Können Sie sagen, ob es so etwas wie die «häufigsten Notfälle» gibt oder ist es bei Ihnen stets durchmischt?

Die Durchmischung ist sehr gross, aber im Moment dominieren eindeutig Infektionen, Lungenentzündungen und vor allem die Grippe; wir haben auch COVID, aber weniger. Ausserdem gibt es immer viele herzkranke Patient:innen und derzeit viele Stürze. Tendenziell gibt es mehr ältere Menschen; es ist einfach so, dass man mit zunehmendem Alter anfälliger für Krankheiten und Stürze ist. Die ganze Situation ist bei älteren oft schwieriger: Zuhause schafft man es nicht mehr, sich um sich selbst zu kümmern, besonders, wenn man alleine ist.

Kommen wir nochmals auf Sie zurück: Wie gehen Sie persönlich mit Stress oder auch belastenden Situationen und Erlebnissen um?

Ich habe mir angewöhnt, jeden Tag mit dem Velo zur Arbeit zu fahren – der Januar ist jetzt nicht gerade der beste Monat dafür. Mein Arbeitsweg dauert etwa 25 Minuten, es ist also nicht ewig, aber es reicht, um meine Gedanken abzustrampeln. Im Team machen wir Debriefings. Ich denke, das Wichtigste ist, dass man mit Arbeitskolleg:innen reden kann, auch wenn es nur kurz ist. Manchmal würde man am liebsten zuhause erzählen, aber das geht natürlich nicht wegen des Patientengeheimnisses und fehlendem medizinischen Wissen. Ich spreche am liebsten hier im Spital mit Kolleg:innen. Es gehört auch zum Job, Situationen oder Erlebnisse professionell mit einer gewissen Distanz zu erleben. Aber ich weiss, Assistenzärzt:innen haben oft ein schlechtes Gewissen, wenn etwas mal nicht so gut läuft oder ganz schwierig oder traurig gewesen ist, und sie machen sich furchtbare Sorgen – daran kann man sich aber tatsächlich gewöhnen und sich emotional abgrenzen. Was sich nicht auf die Patient:innen auswirkt, mit ihnen sind wir immer sehr empathisch.

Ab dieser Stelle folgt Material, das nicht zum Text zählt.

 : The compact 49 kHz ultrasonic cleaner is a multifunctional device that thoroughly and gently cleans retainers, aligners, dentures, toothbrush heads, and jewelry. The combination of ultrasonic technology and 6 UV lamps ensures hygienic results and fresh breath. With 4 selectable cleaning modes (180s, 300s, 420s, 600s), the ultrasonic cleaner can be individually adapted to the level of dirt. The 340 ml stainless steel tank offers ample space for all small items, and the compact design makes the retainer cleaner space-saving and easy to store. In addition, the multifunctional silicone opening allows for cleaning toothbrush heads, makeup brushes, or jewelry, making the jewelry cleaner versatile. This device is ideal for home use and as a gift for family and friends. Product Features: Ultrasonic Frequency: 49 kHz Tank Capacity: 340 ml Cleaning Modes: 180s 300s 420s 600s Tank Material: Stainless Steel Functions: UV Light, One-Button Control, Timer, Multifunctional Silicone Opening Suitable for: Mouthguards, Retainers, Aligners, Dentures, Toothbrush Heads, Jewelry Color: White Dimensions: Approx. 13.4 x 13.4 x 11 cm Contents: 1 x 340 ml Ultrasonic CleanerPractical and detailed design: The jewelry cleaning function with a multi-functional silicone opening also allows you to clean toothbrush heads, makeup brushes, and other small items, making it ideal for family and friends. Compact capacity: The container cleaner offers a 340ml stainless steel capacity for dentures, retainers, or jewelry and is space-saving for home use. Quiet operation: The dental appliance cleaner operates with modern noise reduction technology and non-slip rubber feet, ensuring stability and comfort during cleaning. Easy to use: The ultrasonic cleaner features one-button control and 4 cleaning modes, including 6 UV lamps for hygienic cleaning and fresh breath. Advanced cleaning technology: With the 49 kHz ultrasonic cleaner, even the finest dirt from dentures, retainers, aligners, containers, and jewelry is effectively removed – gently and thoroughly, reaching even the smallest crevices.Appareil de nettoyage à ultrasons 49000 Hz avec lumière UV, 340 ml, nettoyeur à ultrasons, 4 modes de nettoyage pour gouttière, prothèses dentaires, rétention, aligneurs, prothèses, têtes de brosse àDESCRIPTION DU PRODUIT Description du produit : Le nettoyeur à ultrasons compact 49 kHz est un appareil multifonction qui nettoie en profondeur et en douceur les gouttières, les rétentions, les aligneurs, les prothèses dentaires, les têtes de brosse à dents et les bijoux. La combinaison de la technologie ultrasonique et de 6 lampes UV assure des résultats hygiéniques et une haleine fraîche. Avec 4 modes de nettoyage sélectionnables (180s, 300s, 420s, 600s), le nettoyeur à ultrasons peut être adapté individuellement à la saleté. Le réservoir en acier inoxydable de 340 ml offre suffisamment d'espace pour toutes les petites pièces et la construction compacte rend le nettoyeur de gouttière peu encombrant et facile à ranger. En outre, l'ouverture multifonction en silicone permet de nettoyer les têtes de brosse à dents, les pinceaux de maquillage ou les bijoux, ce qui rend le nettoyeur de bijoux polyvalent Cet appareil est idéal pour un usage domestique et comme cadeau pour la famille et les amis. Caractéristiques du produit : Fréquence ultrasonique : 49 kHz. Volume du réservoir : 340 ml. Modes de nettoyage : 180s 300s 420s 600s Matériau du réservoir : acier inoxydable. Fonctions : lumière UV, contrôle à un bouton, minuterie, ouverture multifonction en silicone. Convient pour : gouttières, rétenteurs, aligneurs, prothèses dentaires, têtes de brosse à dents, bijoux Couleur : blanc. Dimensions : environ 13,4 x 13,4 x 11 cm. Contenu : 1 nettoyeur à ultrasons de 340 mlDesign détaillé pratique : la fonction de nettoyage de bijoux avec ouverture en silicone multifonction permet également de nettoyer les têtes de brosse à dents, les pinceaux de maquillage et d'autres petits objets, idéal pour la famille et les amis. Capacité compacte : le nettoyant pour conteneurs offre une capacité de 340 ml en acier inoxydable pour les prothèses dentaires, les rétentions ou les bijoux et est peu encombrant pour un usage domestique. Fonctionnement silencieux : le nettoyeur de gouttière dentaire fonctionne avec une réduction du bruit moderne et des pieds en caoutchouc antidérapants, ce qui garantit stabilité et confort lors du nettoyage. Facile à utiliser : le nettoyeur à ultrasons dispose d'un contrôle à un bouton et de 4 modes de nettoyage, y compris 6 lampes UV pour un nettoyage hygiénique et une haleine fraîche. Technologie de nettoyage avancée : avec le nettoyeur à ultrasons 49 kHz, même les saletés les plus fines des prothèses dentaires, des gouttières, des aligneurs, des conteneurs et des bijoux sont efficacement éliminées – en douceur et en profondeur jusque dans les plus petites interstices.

Ich möchte noch anmerken, dass es uns hier im Notfallteam Spass macht. Es mag zwar streng und manchmal auch schwierig sein, aber es ist mir sehr wichtig, dass meine Mitarbeitenden Freude empfinden und motiviert zur Arbeit kommen. Das mag für manche Menschen paradox sein, aber es ist wichtig, dass wir unsere Arbeit gerne machen. Die meisten Rückmeldungen der Patient:innen, die wir bekommen, sind auch sehr positiv. Ich denke, die meisten Menschen fühlen sich bei uns wohl – sowohl die Mitarbeitenden als auch die Patient:innen.